城下町・鶴岡と最上川舟運の水駅・清川を結ぶ清川街道は、人や荷物が往来し、庄内藩酒井家のお殿様一行が参勤交代の際に通る道でもありました。沿道には赤川・藤島川・京田川があり、赤川を渡る際には舟を連ねた「舟橋」の上をお殿様は渡ったそうです。
今回は川の渡し船が発着した「渡場」があったと思われる場所のひとつ、京田川左岸の「京田橋」集落を訪ねました。
清川から車で狩川を経由して国道345号バイパスを鶴岡方面へ向かい、京田橋を渡ってすぐ右折しました。
鶴岡市指定文化財【正保庄内絵図(庄内三郡絵図)】[致道博物館蔵]によると、この付近に一里塚と京田川渡場があったことが確認できます。現在は公園になっていて、そこに橋の欄干と石碑、東屋がありました。
昭和13年に木造の橋からコンクリート橋になった京田橋。
昭和55年に集落の南側を通る国道345号線に新しい橋が完成した為、旧橋の欄干がモニュメントとして残されたようです。
かってこの場所に大きな米倉庫や船着き場があったことが記されています。
旧十六合村や東栄村などからも馬車や馬そりで米が集められ、京田川から舟で酒田に集められていたとのこと、様々な商店が建ち並んでいたこと等当時の賑わいが伝わってきました。

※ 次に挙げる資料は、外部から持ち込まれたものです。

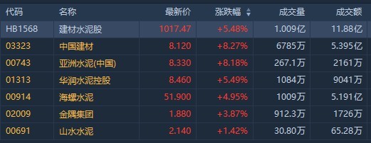 隨著各地陸續復工,西北、華東等地區水泥價格因需求修復率先上漲。青海、寧夏等地區的水泥企業近期將水泥價格上調20元/噸至65元/噸,浙江臺州、溫州等地也將水泥價格上調10元/噸。水泥股全線走強。 截至發稿,中國建材(03323)漲8.27%,報8.12港元;亞洲水泥(中國)(00743)漲8.05%,報8.32港元;華潤水泥控股(01313)漲5.36%,報8.46港元;海螺水泥(600585,股吧)(00914)漲4.95%,報51.9港元。
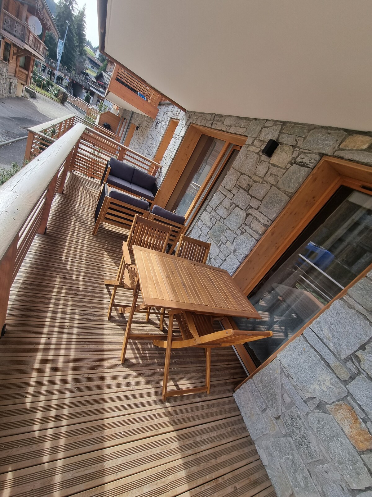Family chalet. Quiet position in cul de sac. Fabulous mountain views. Sleeps MAX eight in four bedrooms. One ensuite, three further bathrooms. Bedroom four - choice of two single beds in sous sol or bunk room off living area, suitable for younger children. Perfect in winter and summer . Ski in/out. Short walk across to the village. Five minute walk to the lake, close to the bike park. Spacious, open plan living, kitchen, dining with stunning views across the village to Mont Chery.
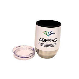 Cette tasse élégante au fini satiné blanc à l'extérieur et au brillant doux à l'intérieur ajoutera une touche de sophistication à votre quotidien. D'une hauteur de 3,5", elle est idéale pour savourer vos boissons préférées. Cette tasse peut contenir jusqu'à 450 ml. de liquide. Extérieur blanc mat et logo de l’AGESSS en bleu. L’intérieur de la tasse est bleu. Cette tasse peut aller au micro-ondes. Pour préserver sa beauté, un lavage à la main est recommandé.
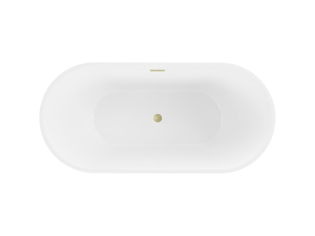 MEXEN/S - Luna volně stojící vana 140 x 75, bílá, sifon a přepad zlatá kartáčovaná 52031407500-55

京田川の堤防にあがる階段のそばに、船着場跡(京田川渡場)があったことを示す碑が建てられています。
京田橋集落記念碑によると、京田川の改修工事により堤防が設けられたとのこと。江戸時代はこの場所から川の流れを見ることができたのでしょうか。
京田川は月山を源に鶴岡市羽黒町を北上、庄内町添津付近から庄内平野に入って、千本杉を経て家根合(かねあい)付近で藤島川に合流します。
対岸に見える住宅地は庄内町京島地区です。
明治9年(1876年)に上七曲村と下七曲村、四ッ興屋村が合併して誕生したのが三和村。これらの村名は「二郡縮図」などで確認できました。京田川集落は、現在「三和4区」と呼ばれているそうです。
庄内交通さんのバス停は、旧橋が架けられた付近に「京田橋」の名前で建っています。(冬季期間はバイパス沿いに臨時停留所が設けられ、こちらには停車しません。)